Não sei se é porque nossa área de formação é turismo, mas achamos um absurdo que um parque nacional não dê um folheto, um mapa, ou qualquer outro material com informações sobre o local.

A única coisa que ele disse é que poderíamos tirar foto do mapa da parede da bilheteria. Pelo menos ele explicou rapidamente sobre as trilhas e que o parque fechava às 17h30.

Seguimos algumas centenas de metros de carro parque adentro até o estacionamento. Tem banheiros públicos aqui, mas não estão bem conservados.

Trilhas do Parque Nacional Queulat

Começamos fazendo uma pequena trilha de 200m até um mirante panorâmico. A trilha é muito bonita e curtinha com algumas escadas, em um bosque fechado.

Paramos no mirante, mas não vimos muita coisa, pois a paisagem estava encoberta. Nossa aflição era a possibilidade de caminhar um monte e não ver nada no final da trilha.

Fomos para o mirante ao lado e o tempo abriu como em um passe de mágica e lá estava ele, o ventisquero colgante. Bem lá no fundo, mas mesmo assim muito bonito.

Mas essa não é a trilha principal, e além dela, tem mais duas trilhas, uma de 350 metros que é a El Aluvión, e outra de 600 metros até a Laguna Témpanos.

Como já estava um pouco tarde, decidimos ir logo para a trilha do Ventisquero Colgante, que é de 3300 metros.

Trilha do Ventisquero Colgante

Logo no ínicio uma placa avisa que a trilha é moderada/difícil. Bom, não estávamos esperando ficar cansado hoje rsrs.

E a trilha começa com essa ponte linda sobre o rio Témpanos.

Vai dizer que não dá vontade de ficar aqui admirando a beleza desse lugar?

Seguimos pela trilha, que agora passou a ser de terra e pedras. O caminho estava molhado, pois foram três dias chovendo quase sem parar.
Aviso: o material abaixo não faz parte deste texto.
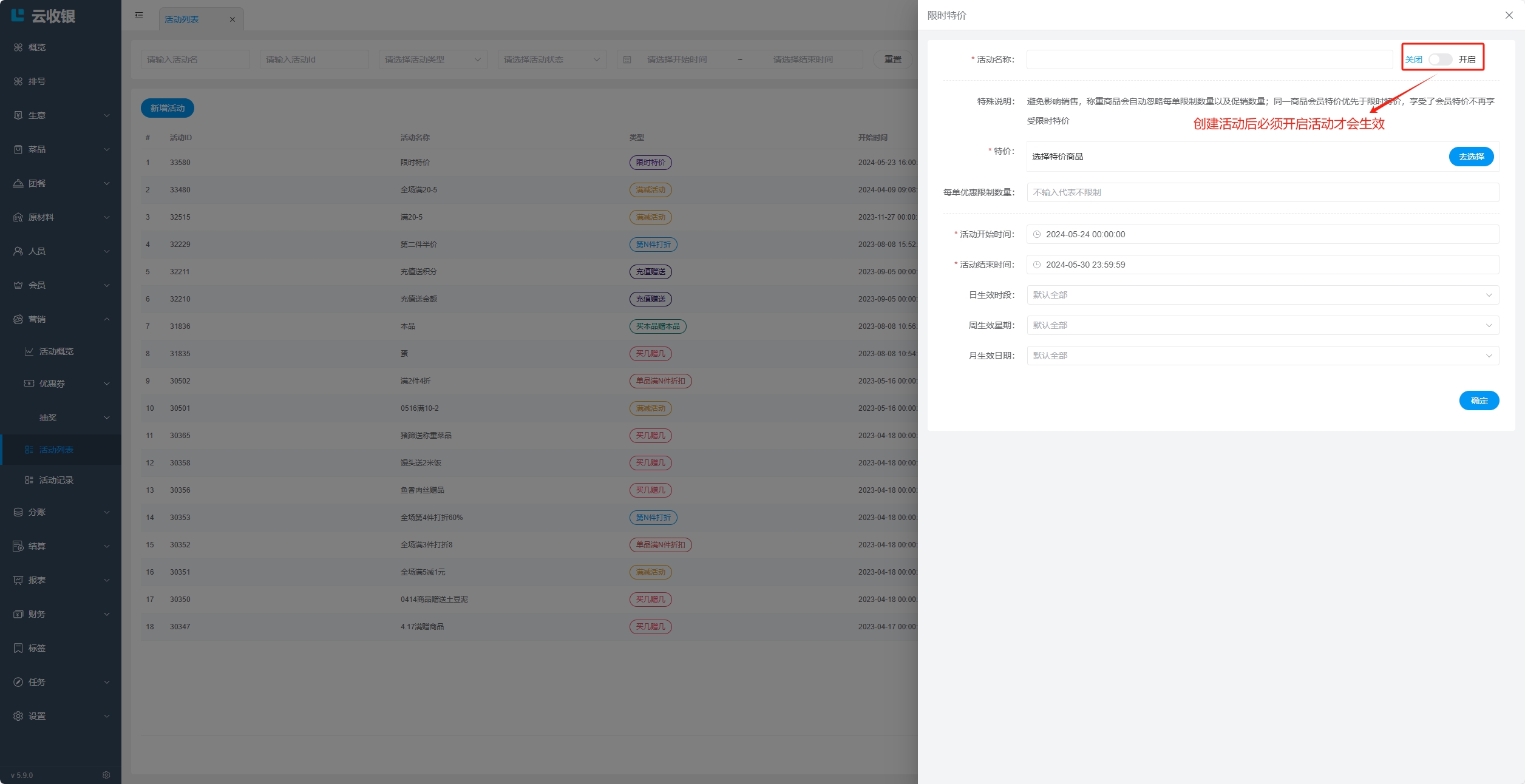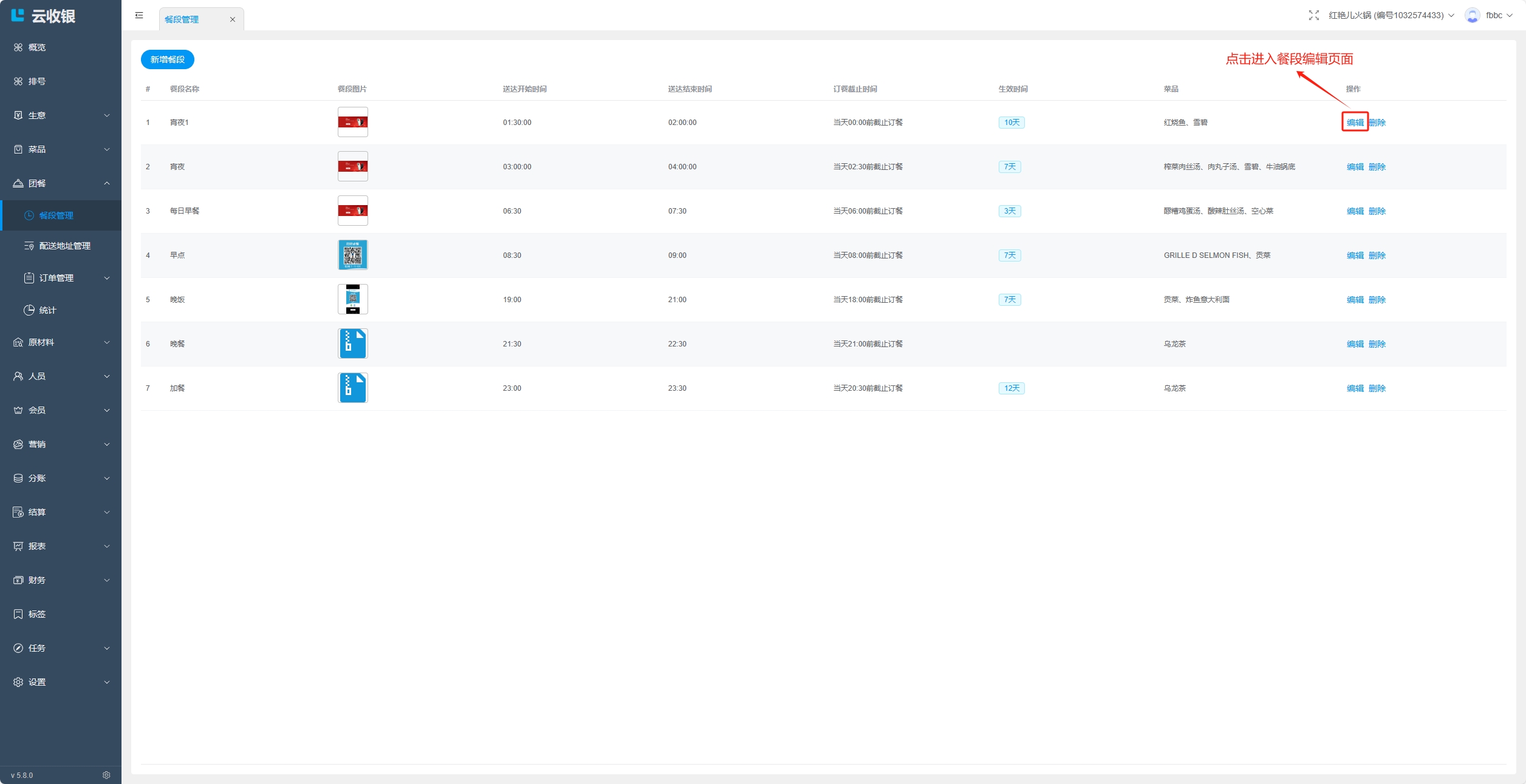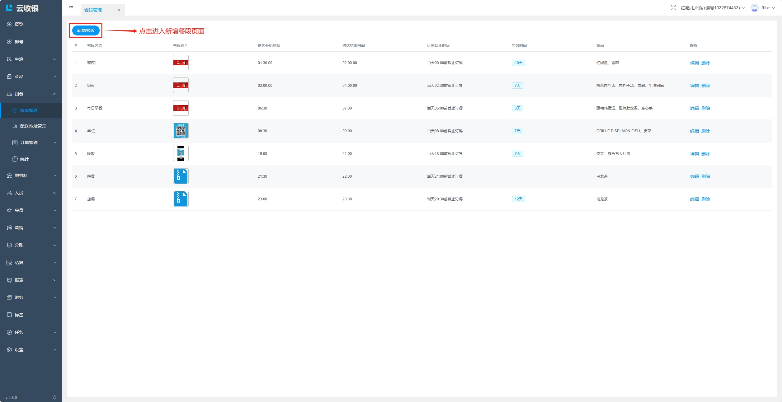 4.餐段不能跨天设置;

Passamos por uma placa que marcava 500 m. Só isso? Achei que tinha andado mais. Acho que estamos fora de forma.

Ter placas é ao mesmo tempo bom e ruim. É bom porque assim a gente sabe se está perto ou não. E é ruim porque assim a gente sabe se falta muito ou não rsrs…

Alguns trechos foram com lama, em uma mata fechada em que não passa sol para ajudar a secar.

Mas a paisagem é encantadora e por isso fizemos muitas paradas para fazer fotos.

Ok, vamos levar bem mais do que as 3 horas que o guarda parque disse que a trilha dura. Já temos certeza disso.

Logo o caminho começa a ficar mais dificil por conta da lama e das subidas. Mesmo assim, que paisagens, hein.

E lá vem outra plaquinha, indicando que já andamos 1000 metros.

Seguimos a trilha e logo passamos pela placa dos 2000 metros. Oba, pegamos o ritmo, agora vai, faltam só 1300 metros.

Um pouco de sol apareceu na trilha e isso fez a gente ficar mais sorridente.

Que trilha mais bonita, apesar da lama no chão e algumas pedras para subir, o caminho é uma beleza.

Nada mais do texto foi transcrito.